Assembly bills for water storage voted down

By on May 1, 2015
California Water Bill Does Not Pass

California Assembly Democrats shot down legislation that would have allowed for the construction of water storage sites in California, which is facing a massive water crisis. Assembly bills 397, 956 and 311 were all Republican bills that were killed in party-line votes.

AB 397 would have stopped the sale of bonds for the state’s high speed rail project and instead used those funds for water capital projects.

AB 311 would have fast tracked environmental approval for water storage projects funded by the Water Quality, Supply and Infrastructure Improvement Act of 2014.

AB 956 would have eliminated the need for environmental reviews for water recycling projects.

“I am very disappointed that my colleagues on the other side of the aisle failed to put water where their mouth is on the water issue,” Assemblyman Devon Mathis (R-Visalia), who introduced AB 397 and AB 956. “Time and again, they are given the opportunity to enact true policy which would bring water to a thirsty California.

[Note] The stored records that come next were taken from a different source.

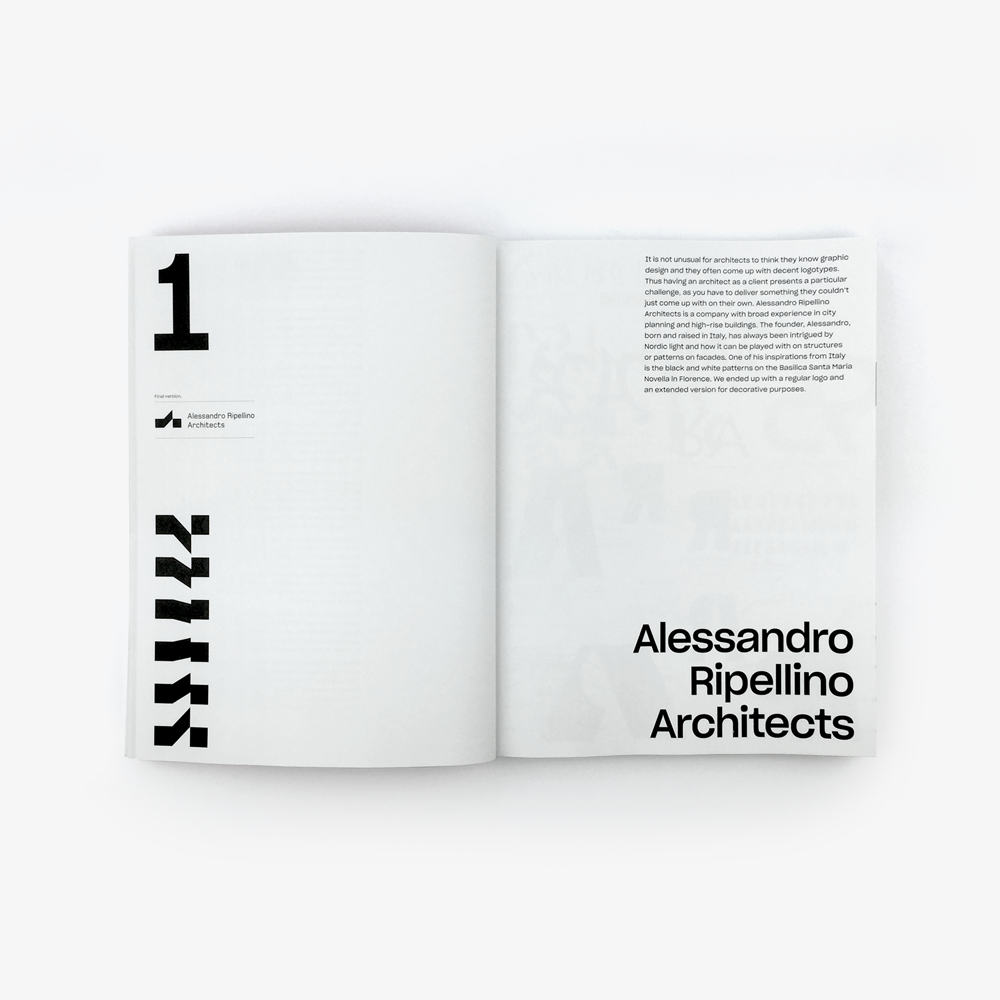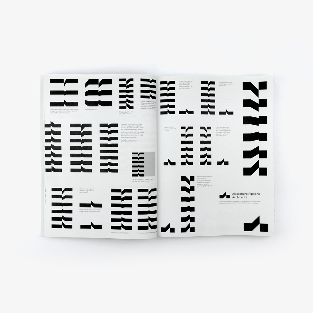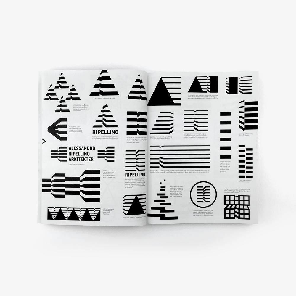12 projects are presented with nearly 1500 individual sketches with attached annotations showing the actual thought process present in the creation. The book includes marks for a range of companies within the realm of art, music and fashion including Hasselblad Foundation and Fotografiska.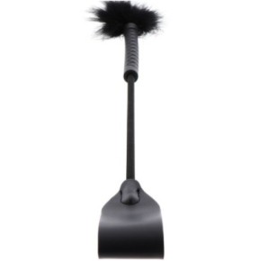 La Cravache et Plumeau Tick Whip 56cm Noir est un outil de séduction double face. D'un côté, vous découvrirez une cravache rectangulaire souple de 7 cm de long et 4 cm de large, idéale pour affirmer votre domination. De l'autre côté, vous trouverez un plumeau doux et sensuel, parfait pour titiller et exciter votre partenaire.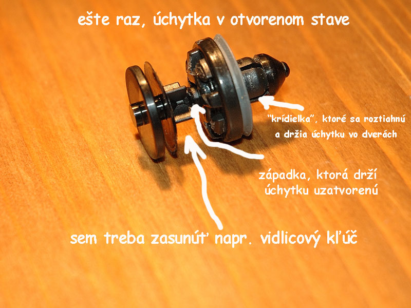Pomocou napr. vidlicoveho kluca (ja som si este pomohol aj srobovakom, aby to malo tri oporne body-ide to lahsie), treba ho strcit medzi vysuvaciu cast uchytky a pevnu, ktora je na plechu dveri, a tym vlastne uchytku otvorite, "kridielka" sa stiahnu a bude sa dat s plechu dveri vybrat. Nasadite na tapacirung (v otvorenom stave,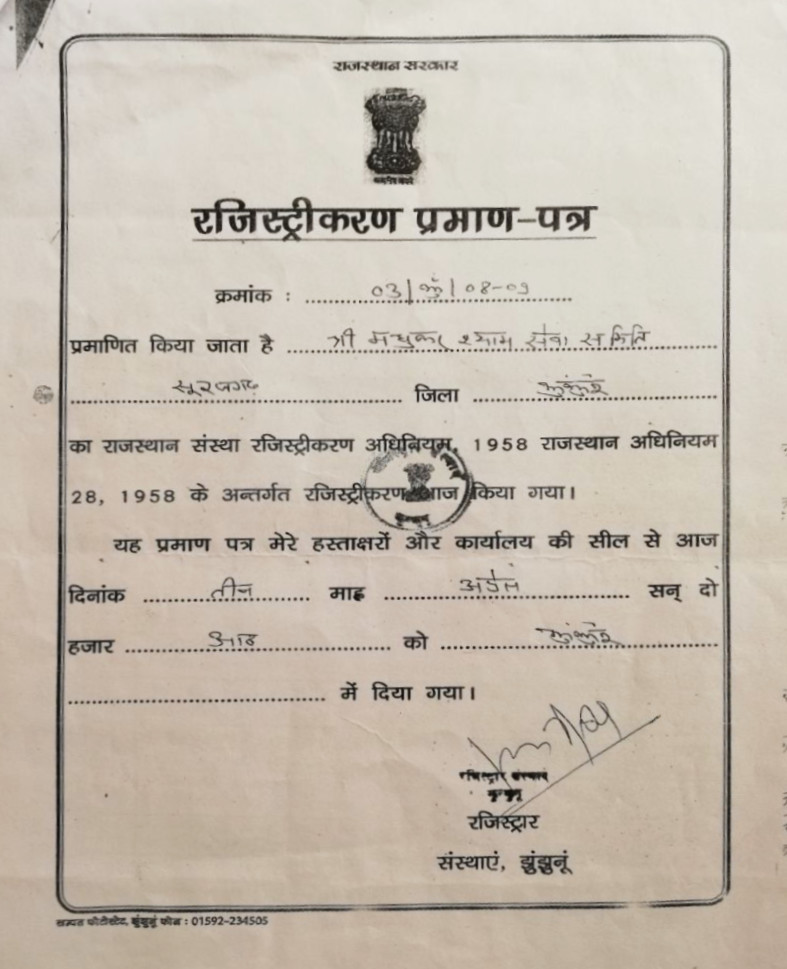Shri Madhukar Shyam Seva Samiti, Jhunjhunu was Started in 2008.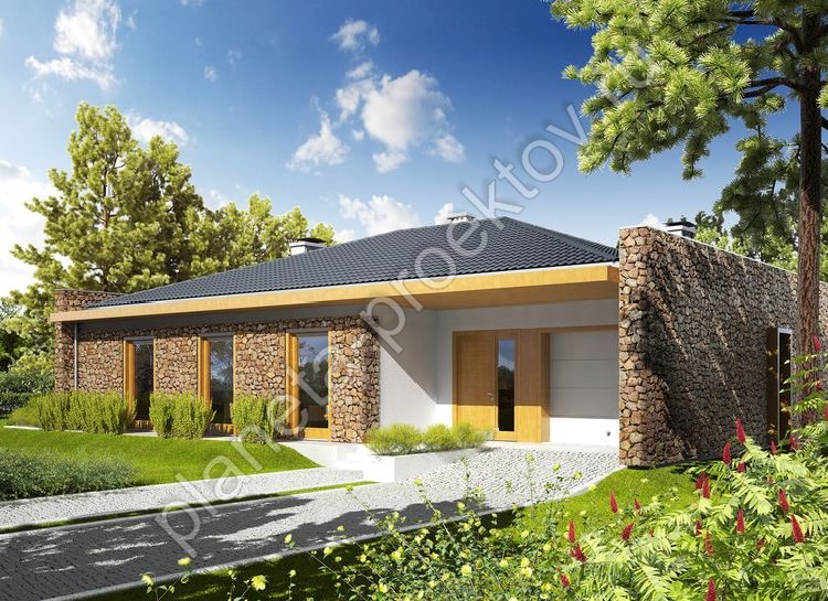 Объемно-планировочное решение одноэтажного строения характеризуется простотой и четким зонированием помещений. Все помещения разделяются длинным холлом на две части: гостевую и приватного характера. Г-образная гостиная с раздвижными дверями создает широкие возможности для удачного размещения в ней и столовой, и непосредственно зоны для приема гостей. Кухня соединяется с гостиной открытым входом. Завершают планировку санузел, ванная, небольшой кабинет и техпомещение, ведущее в гараж.

And time and again, they stand against the people of California to side with their big labor and environmental extremist special interest groups.”

As California’s drought continues, many in the state are calling for improved water infrastructure projects. For instance, the Sites Reservoir and the Temperance Flat would have both been fast tracked for their environment approval under AB 311.

The projects would add over 3 million acre-feet of storage to the state, enough to support up 24 million people for a year.

“If the Legislature is willing to grant the Sacramento Kings arena expedited environmental review, then surely we should grant it to crucial water storage projects, which benefit all Californians,” said Assembly Member James Gallagher, (R-Nicolaus), the author of Assembly Bill 311. “Once Water Bonds funds are allocated, the last thing we need are more delays. We must take action now to increase our storage capacity, and I am hopeful that the Legislature will listen to the voices of the many people who showed up at the State Capitol today to support expedited construction of these vital projects.”

Democrats responded to the criticisms, saying that if Republicans wanted to fast track the construction and approvals, they would need to talk with both sides on the issue and come to a consensus to mitigate problems.

Republicans aren’t the only ones who have had difficulty getting water infrastructure approved. Early this month, Gov. Jerry Brown announced that he would not work to secure a 50-year permit for his controversial Delta Tunnels project.